Он честно признался себе, что ему не нравится в этой ситуации ВСЕ.
Все происходящее было неудобно и малоприятно, и не обещало впереди ничего,
кроме бесчисленных хлопот и осложнений. И то, что Лариске, все-таки,
поздновато рожать: не девочка, за тридцать пять уже, а если быть точным,
то все тридцать восемь. (Наверное, именно поэтому и идет все не гладко, и
боли эти ее, и угроза выкидыша - да и вообще, куда это годится: первые
роды в тридцать восемь лет!) И то, что зачатие получилось
незапланированное, дурацкое и, скорее всего, по пьяному делу - ему даже
казалось, что он помнит, как все это произошло - после Ларискиного дня
рождения, надрались и дали себе волю, как молодые... (Тоже между прочим,
ничего хорошего - пьяное зачатие...) И вообще, не хотел он этого ничего,
не готов он к этому был совершенно, и не собирался даже готовиться - чего
ради?.. Ну, не люблю я детей! Или скажем мягче: равнодушен. И даже
брезгаю, если уж на то пошло: пеленки, распашонки, вопли, сопли,
болезни... А если врач окажется прав и их, действительно, будет двое?..
Тут самое гадкое, что ведь и не скажешь об этом никому и никому не
пожалуешься. Особенно Лариске. Она-то, видимо, решила раз и навсегда. Или
сейчас или - уж никогда больше. У нее эта решимость на лице написана, не
подступишься - слышать ничего не захочет, и знать не захочет ничего.
Сейчас или никогда!.. Теперь, значит, надо готовиться к переезду в Минск.
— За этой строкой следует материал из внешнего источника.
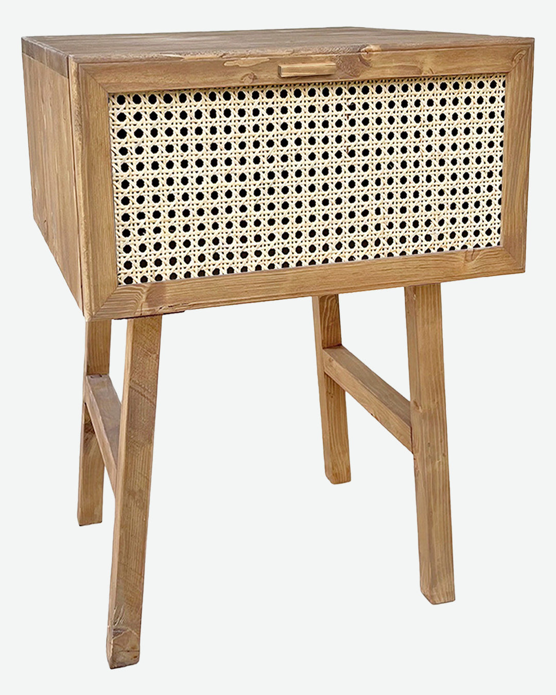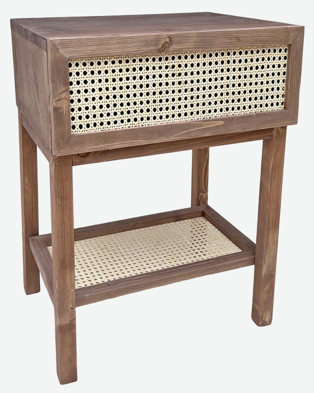 Mesita de noche de madera con rafia marrón (varios colores disponibles)

Они со своей маман уже явно все обговорили, папан - в восторге и готов
устроить меня к себе в институт хоть завтра. И не обидит. Отца своего
внука - никогда не обидит. Тем более, если внуков будет двое... Господи,
все здесь бросить - квартиру, ребят, Ежеватова, - все послать к черту, все
надежды, все расчеты, и может быть - навсегда...
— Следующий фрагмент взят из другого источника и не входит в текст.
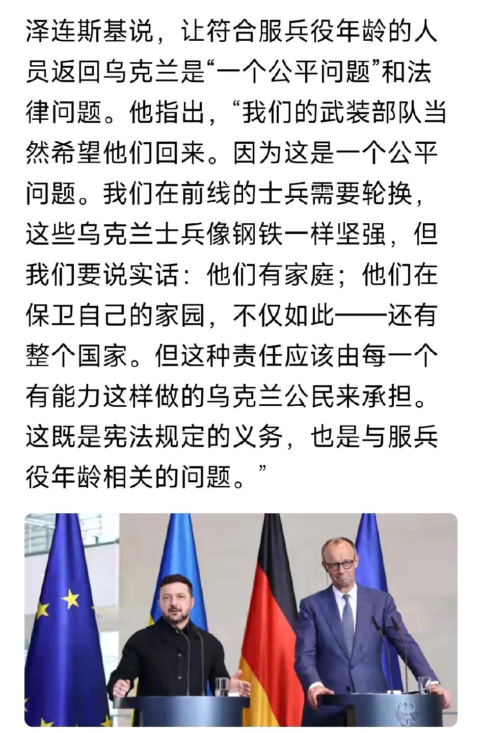 泽连斯基:让符合服兵役年龄的人员返回乌克兰是一个公平问题和法律问题。我们在前线的士兵需要轮换,这些乌克兰士兵像钢铁一样坚强,但他们有家庭;他们在保卫自己的家园,不仅如此——还有整个国家。但这种责任应该由每一个有能力这样做的乌克兰公民来承担。这既是宪法规定的义务,也是与服兵役年龄相关的问题。

Он задержал шаг и стал смотреть сквозь снег, который все густел и
густел, горит ли свет у Виконта. Свет горел, но он решил идти домой -
настроение было не под гостей. Настроение было - поглядеть на себя в
зеркало и хватить по дурацкой морде со всей силы, чтобы юшка брызнула...
Но едва он включил свет в большой комнате, раздался телефонный
звонок. Он сначала не хотел брать трубку, но тут его вдруг словно ледяной
водой окатило: а вдруг это из больницы, - он кинулся, но это, слава богу,
оказался Виконт. От счастья и облегчения у него даже дух занялся, и он на
радостях тут же позвал Виконта пить чай.


Сразу после программы "Время", еще про погоду сообщить не успели,
приперся Сеня Мирлин. Жадно выхлебал остывший чай, подобрал остатки
тульского пряника, а потом, оскаливаясь лошадиными зубами, полез в свой
мокрый от истаявшего снега портфель, вынул и швырнул на скатерть пачку
листков, исписанных крупным детским почерком. "Читайте, - потребовал он,
сверкая очками. - Только что закончил. Еще чернила не высохли".
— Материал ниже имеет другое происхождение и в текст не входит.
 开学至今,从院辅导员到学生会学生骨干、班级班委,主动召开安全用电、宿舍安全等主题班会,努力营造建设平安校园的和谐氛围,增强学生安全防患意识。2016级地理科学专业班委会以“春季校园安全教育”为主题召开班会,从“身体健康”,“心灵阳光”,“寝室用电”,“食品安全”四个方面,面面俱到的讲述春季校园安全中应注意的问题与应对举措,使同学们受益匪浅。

Пришлось читать. Это оказалось некое эссе, "плод нощных размышлений",
кровью сердца писанное, слезами окропленное и чуждое внутренней цензуры.
Называлось оно "ПОКОЛЕНИЕ, ГЛОТНУВШЕЕ СВОБОДЫ", и имело перед собою
эпиграфом стихи, - по словам Сени, вольный перевод польской диссидентской
песенки:

Наше поколение,
Глотнувшее свободы, -
Недоразумение,
Странное, уродливое...
Кровью не умытое,
В тюрьмах не распятое,
Богом позабытое, дьяволом проклятое,
Наше поколение...

Читали, перебрасывая друг другу уже прочитанные листки, сначала
неохотно (навязался нам на голову со своими брульонами), потом -
настороженно-критически (ну, брат, это ты - хватанул, не так оно все
происходило, а совсем даже по-другому), а начиная со второй половины, -
азартно, жадно, хотя и в совершенном несогласии с автором, с собою, с
миром, со всей этой проклятой поганой действительностью.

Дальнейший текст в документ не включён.